#### Source information ####

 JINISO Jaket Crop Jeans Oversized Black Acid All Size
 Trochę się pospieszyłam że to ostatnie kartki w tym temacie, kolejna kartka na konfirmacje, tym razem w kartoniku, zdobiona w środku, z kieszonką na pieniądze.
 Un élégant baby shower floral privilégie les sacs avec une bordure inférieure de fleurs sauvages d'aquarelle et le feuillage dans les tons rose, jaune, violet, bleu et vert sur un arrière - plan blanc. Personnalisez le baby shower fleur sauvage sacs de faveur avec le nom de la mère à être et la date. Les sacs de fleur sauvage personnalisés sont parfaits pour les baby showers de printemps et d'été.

####
#### Source information ####

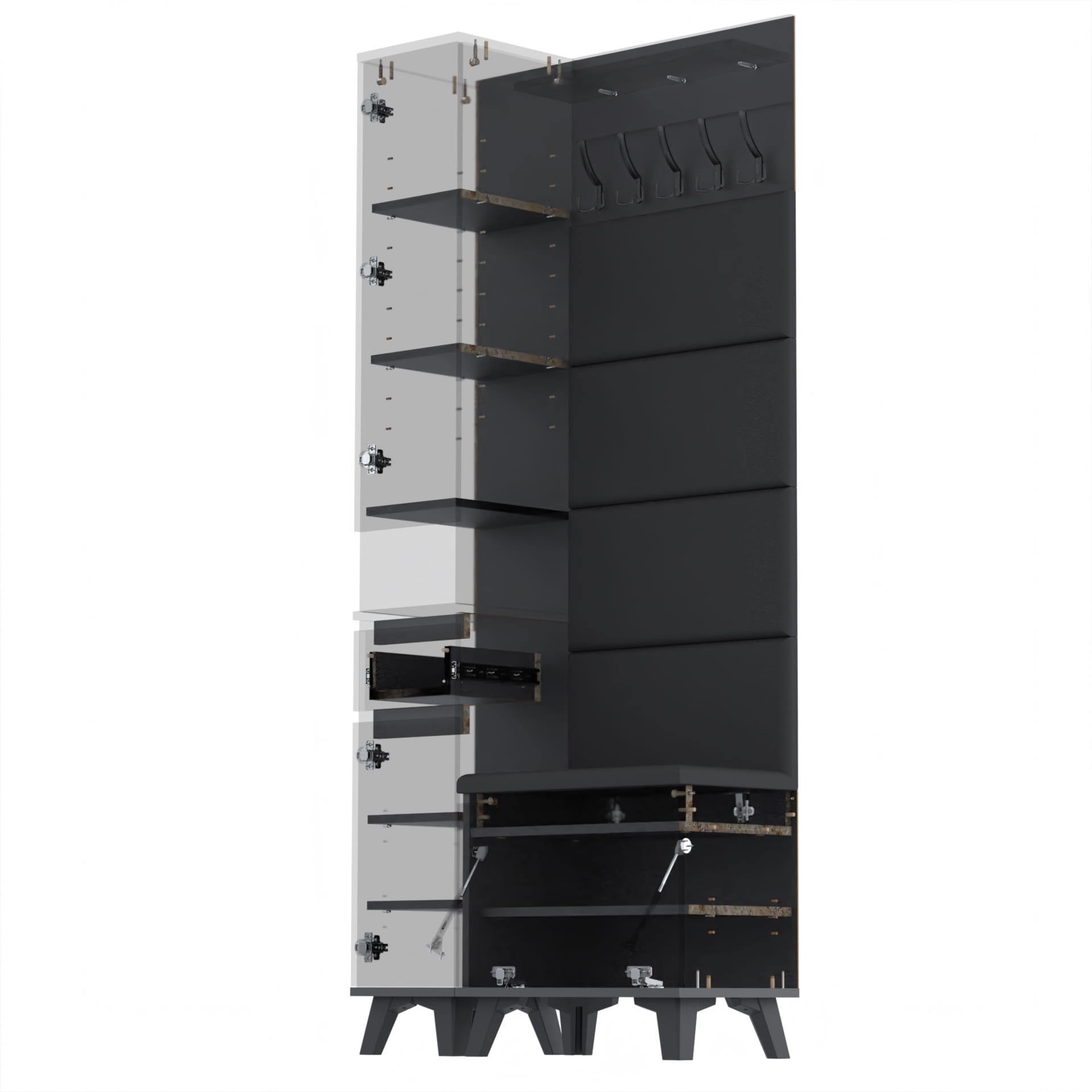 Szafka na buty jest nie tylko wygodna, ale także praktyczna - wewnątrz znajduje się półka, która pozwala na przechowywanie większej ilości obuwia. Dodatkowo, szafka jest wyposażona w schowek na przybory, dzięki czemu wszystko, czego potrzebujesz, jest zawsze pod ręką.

####
#### Source information ####

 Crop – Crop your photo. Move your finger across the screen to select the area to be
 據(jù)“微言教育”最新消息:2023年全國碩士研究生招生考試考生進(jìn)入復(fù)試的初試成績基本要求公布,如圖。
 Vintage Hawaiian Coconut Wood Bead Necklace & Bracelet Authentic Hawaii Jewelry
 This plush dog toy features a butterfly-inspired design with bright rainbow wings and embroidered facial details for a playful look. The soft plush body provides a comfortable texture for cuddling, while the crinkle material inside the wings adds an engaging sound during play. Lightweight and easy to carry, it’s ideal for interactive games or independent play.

####

What to produce: From the records, determine the number of lines holding the word "Crop", and state that number only.

Exercise answer: 2